*DATA EXCERPT*.
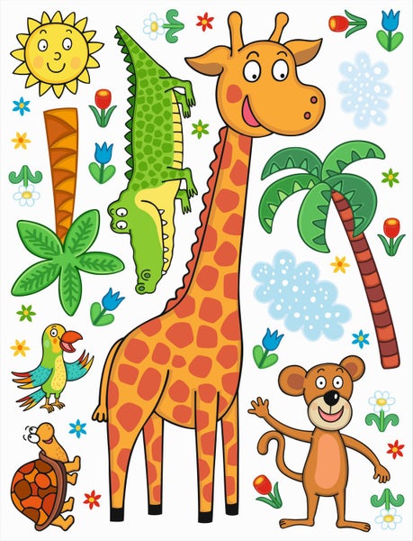 Sanders & Sanders Wandtattoo Dschungeltiere Grün, Orange und Blau 85 x 65 cm
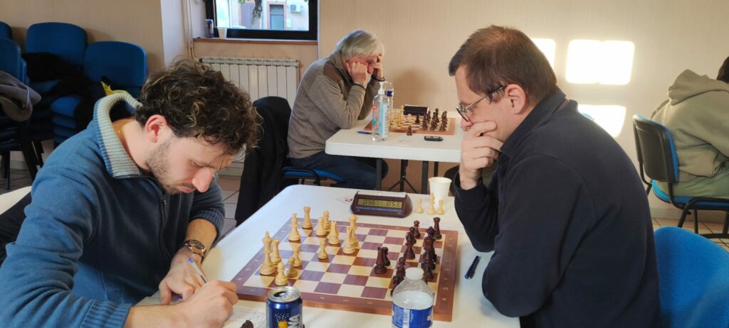 Le club voisin, et ami s’invite pour la première fois du tournoi à la table 1 grâce à Joël (à droite au premier plan sur la photo). Après beaucoup de rebondissements, la partie tournera en ma faveur. Cela officialise quasiment que le titre restera à Montauban ! En effet, après les appariements de la ronde 5, on peut constater que seuls 4 joueurs sont encore en position réaliste de jouer le titre : Vadim et Yann qui n’avaient pas dit leur dernier mot, et les deux Pierre. En somme, les 4 plus hauts elo. Les autres joueurs comptent sur les deux dernières parties pour terminer le plus haut possible.
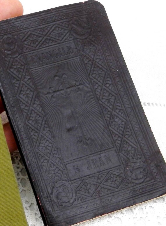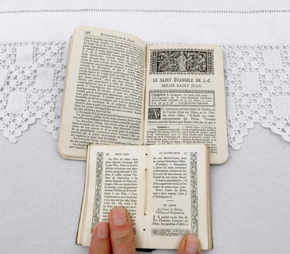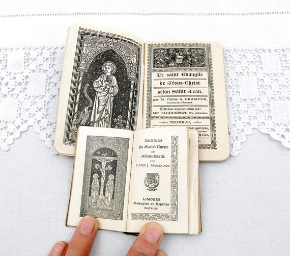 20% OFF coupon on 2 Small Antique French Religious Books 1 Leather Bound "The Gospel of Saint John" 1 Satin bound " The Month of the Sacred Heart", Liturgical by VintageDecorFrancais
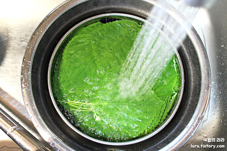이제 깻잎을 채반체로 찬물에 담가 헹궈 주고,

*WHAT TO PRODUCE*. Repeat the data exactly. Pictures should not appear.

*YOUR RESPONSE*.
 Sanders & Sanders Wandtattoo Dschungeltiere Grün, Orange und Blau 85 x 65 cm
 Le club voisin, et ami s’invite pour la première fois du tournoi à la table 1 grâce à Joël (à droite au premier plan sur la photo). Après beaucoup de rebondissements, la partie tournera en ma faveur. Cela officialise quasiment que le titre restera à Montauban ! En effet, après les appariements de la ronde 5, on peut constater que seuls 4 joueurs sont encore en position réaliste de jouer le titre : Vadim et Yann qui n’avaient pas dit leur dernier mot, et les deux Pierre. En somme, les 4 plus hauts elo. Les autres joueurs comptent sur les deux dernières parties pour terminer le plus haut possible.
 20% OFF coupon on 2 Small Antique French Religious Books 1 Leather Bound "The Gospel of Saint John" 1 Satin bound " The Month of the Sacred Heart", Liturgical by VintageDecorFrancais
이제 깻잎을 채반체로 찬물에 담가 헹궈 주고,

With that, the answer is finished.